- **WHAT IS NEEDED**: With the pictures set aside, write out all of the data exactly as it stands.
^^^^^^^^
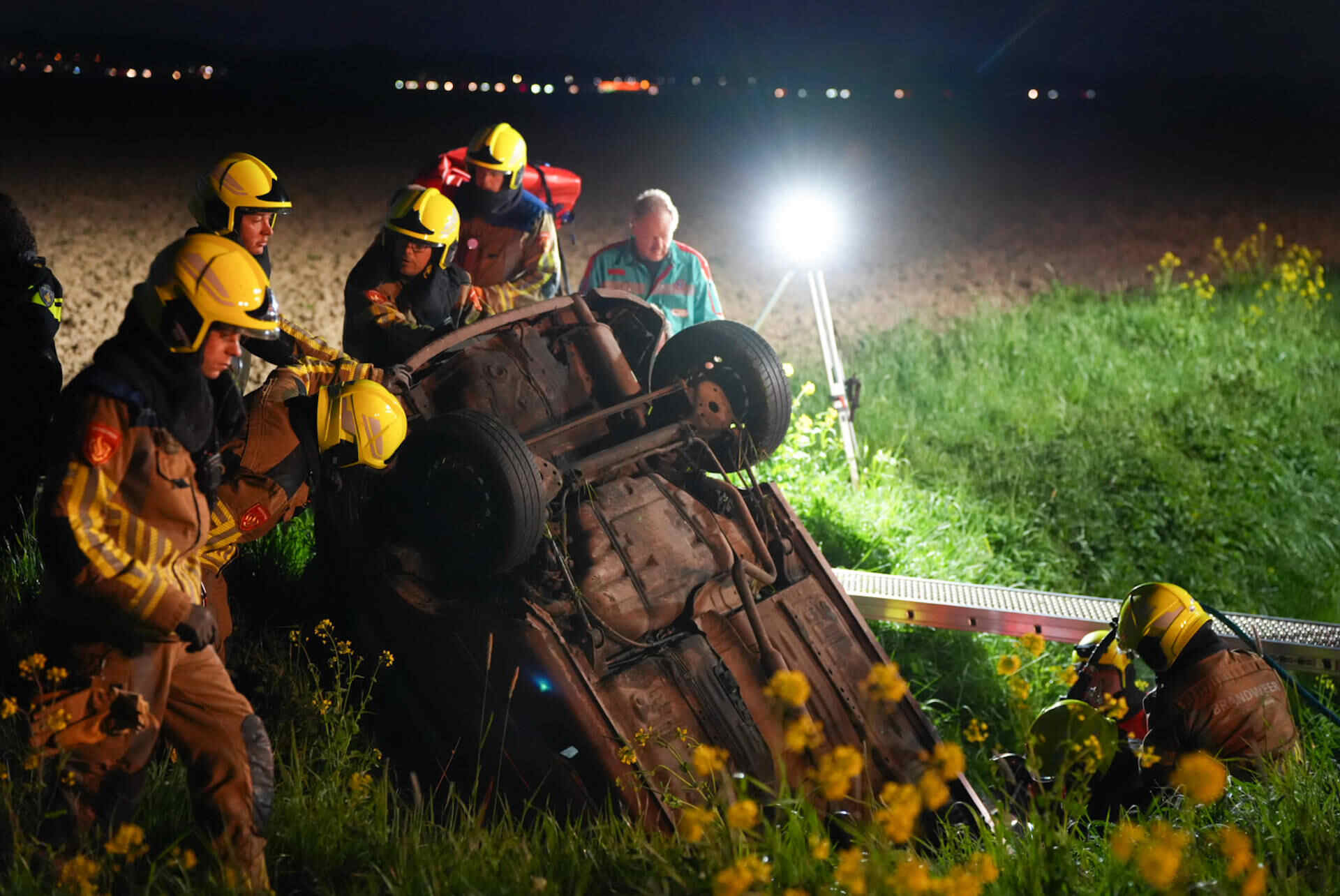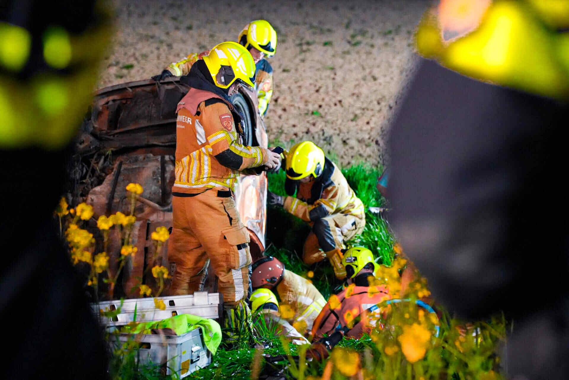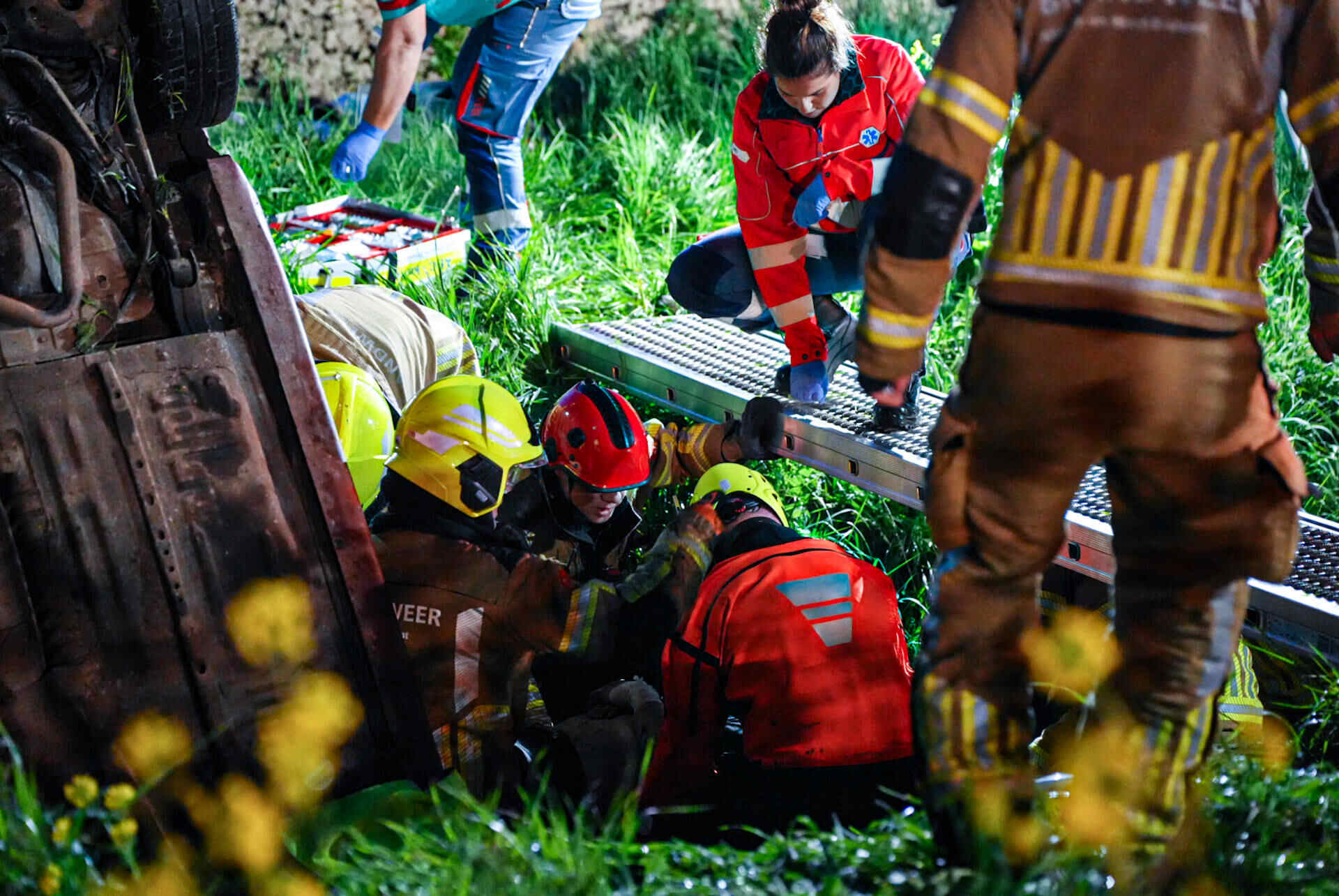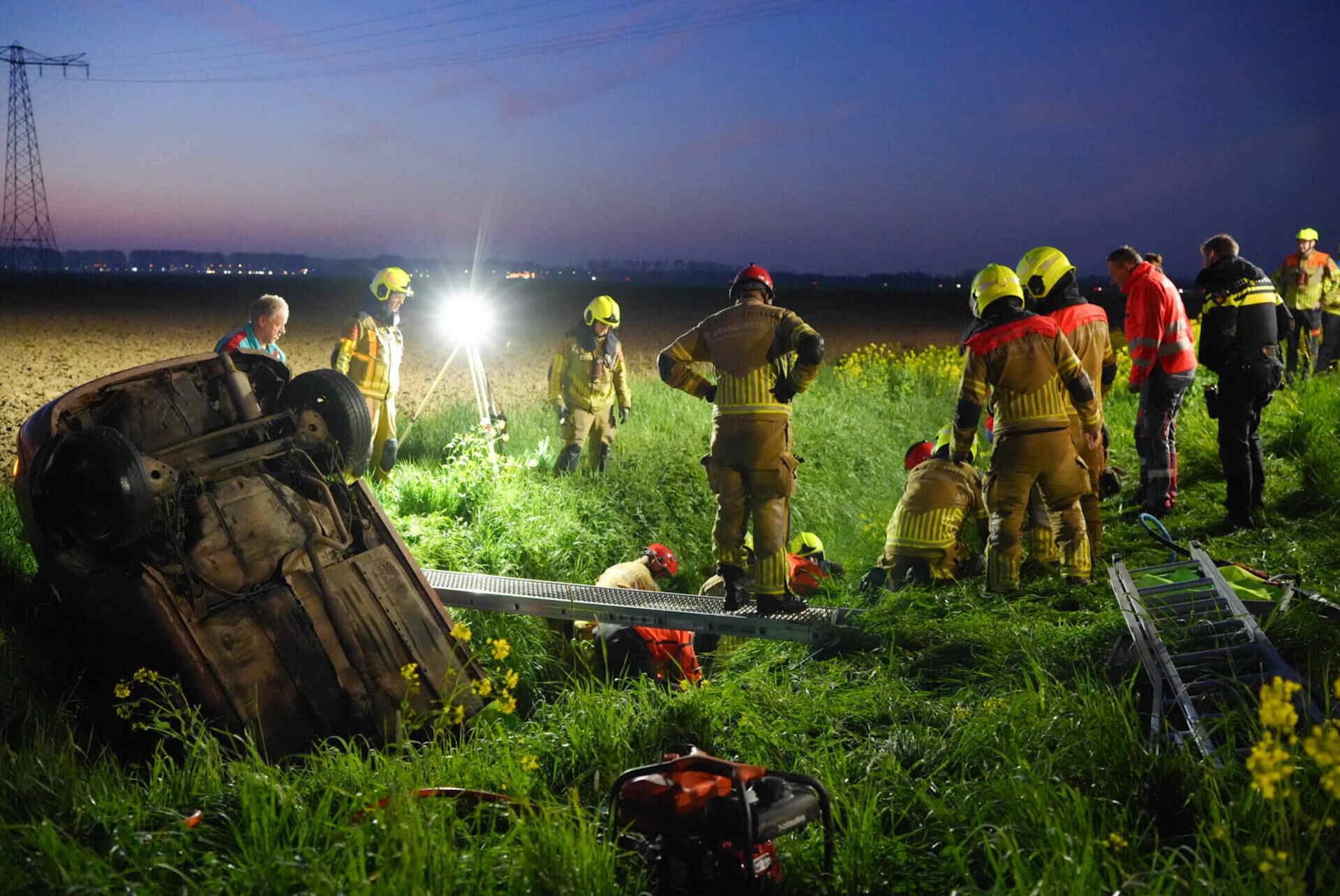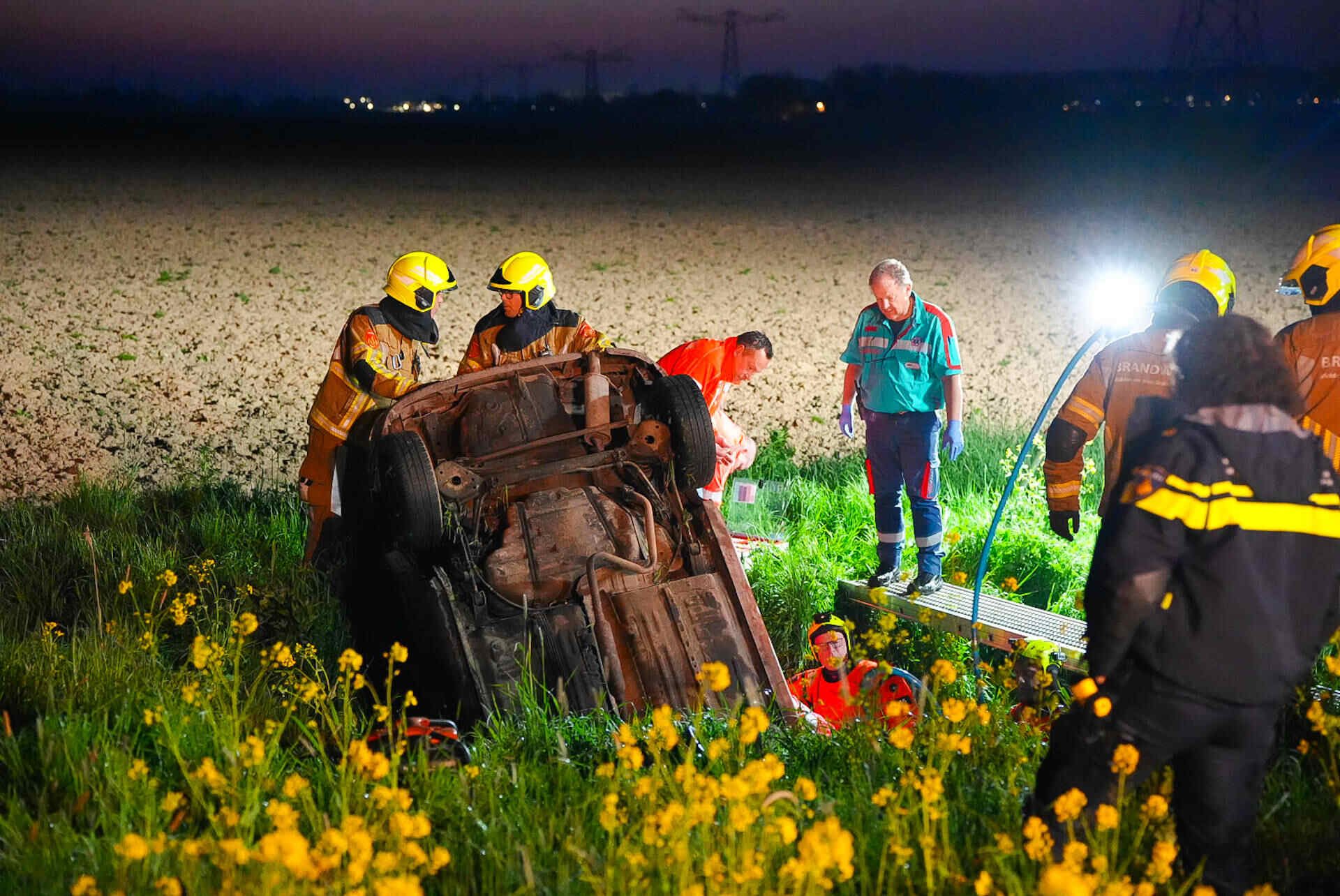 In de tussentijd bleef de weg dicht om hulpdiensten de ruimte te geven. Nadat de auto uit de droge sloot was getakeld, werd de Veerweg rond 07.00 uur vrijgegeven.
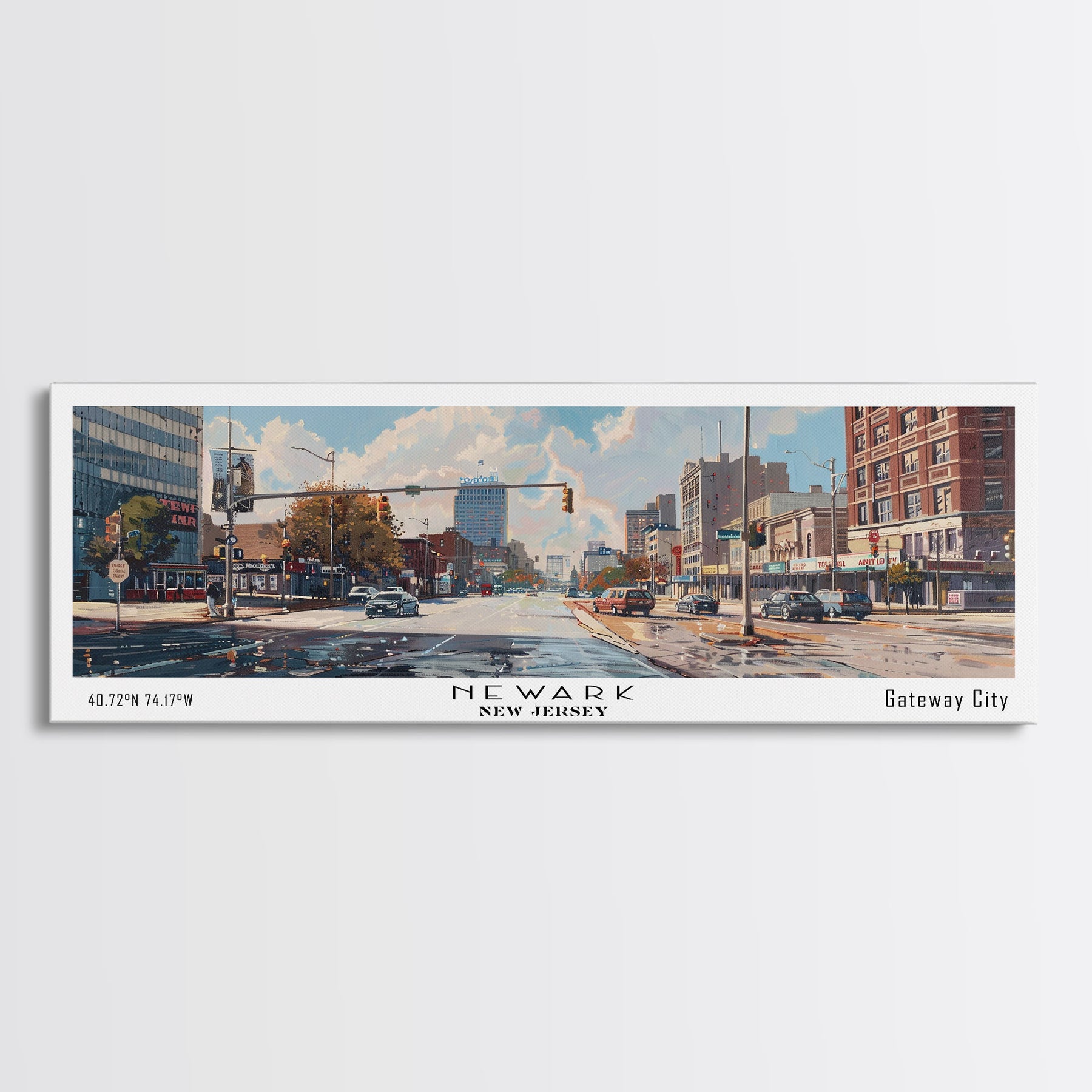 Newark New Jersey Panoramic Framed Canvas Print, Beautiful Watercolor Painting, Office Wall Art, Travel Poster, Home Decor, City Art
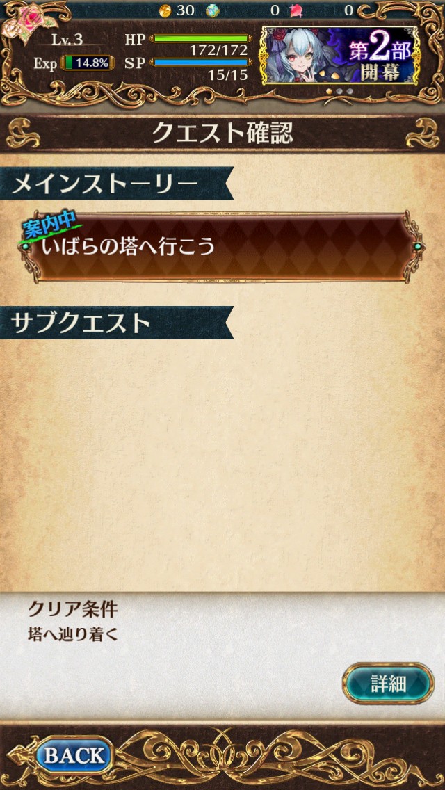 クエストは、物語を進めていく『メインクエスト』と、サブクエストの『協会クエスト』があります。クエストをクリアすると、ローズリーフやアイテムをもらえます。
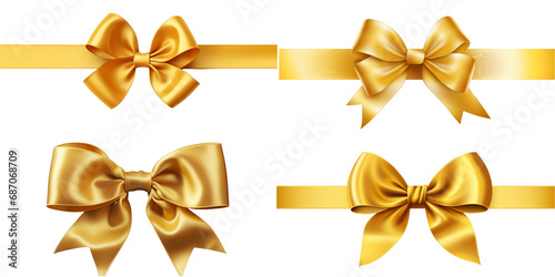 A set of Golden Ribbon and Bow Isolated on a Transparent Background
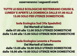 Le isole ecologiche di levante e di ponente saranno aperte dal martedì al sabato dalle 13 alle 18 solo per le utenze domestiche, dalle 18 alle 19 solo per quelle non domestiche.
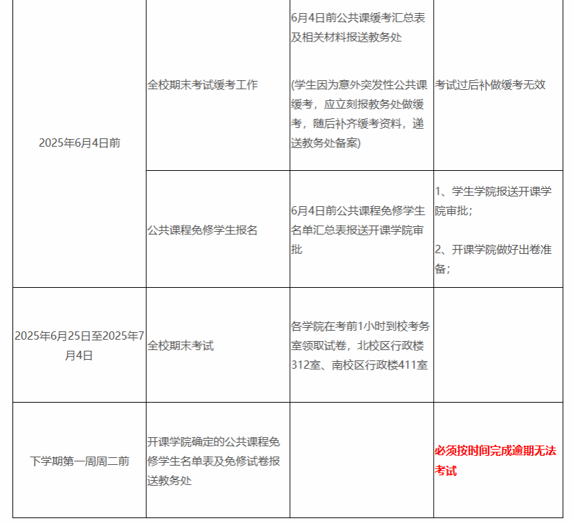 3.期末考试的公共课程缓考申请汇总材料最迟请于2025年6月4日前送至南校区行政楼411办公室。专业课程考试缓考由开课公司在该门课程开考前自行录入系统。
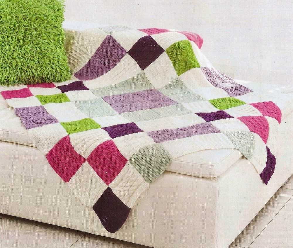 Красивое мелкоквадратное покрывало, вязанное спицами в стиле пэчворк разными оттенками эффектно, смотрится в старинных интерьерах, а также тех, которые пестрят яркими красками. Квадраты должны очень гармонично пересекаться между собой, как по оттенкам, так и по размерам.
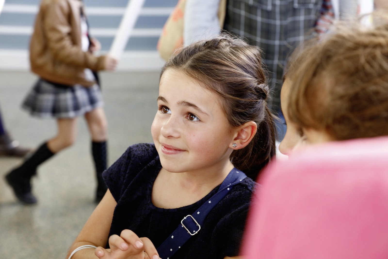 - Les enfants s’installent pour l’interview : qui se lance pour la première question ? (© V. Gire / Milan presse)
^^^^^^^^
- **EXERCISE OUTPUT**:
 In de tussentijd bleef de weg dicht om hulpdiensten de ruimte te geven. Nadat de auto uit de droge sloot was getakeld, werd de Veerweg rond 07.00 uur vrijgegeven.
 Newark New Jersey Panoramic Framed Canvas Print, Beautiful Watercolor Painting, Office Wall Art, Travel Poster, Home Decor, City Art
 クエストは、物語を進めていく『メインクエスト』と、サブクエストの『協会クエスト』があります。クエストをクリアすると、ローズリーフやアイテムをもらえます。
 A set of Golden Ribbon and Bow Isolated on a Transparent Background
 Le isole ecologiche di levante e di ponente saranno aperte dal martedì al sabato dalle 13 alle 18 solo per le utenze domestiche, dalle 18 alle 19 solo per quelle non domestiche.
 3.期末考试的公共课程缓考申请汇总材料最迟请于2025年6月4日前送至南校区行政楼411办公室。专业课程考试缓考由开课公司在该门课程开考前自行录入系统。
 Красивое мелкоквадратное покрывало, вязанное спицами в стиле пэчворк разными оттенками эффектно, смотрится в старинных интерьерах, а также тех, которые пестрят яркими красками. Квадраты должны очень гармонично пересекаться между собой, как по оттенкам, так и по размерам.
 - Les enfants s’installent pour l’interview : qui se lance pour la première question ? (© V. Gire / Milan presse)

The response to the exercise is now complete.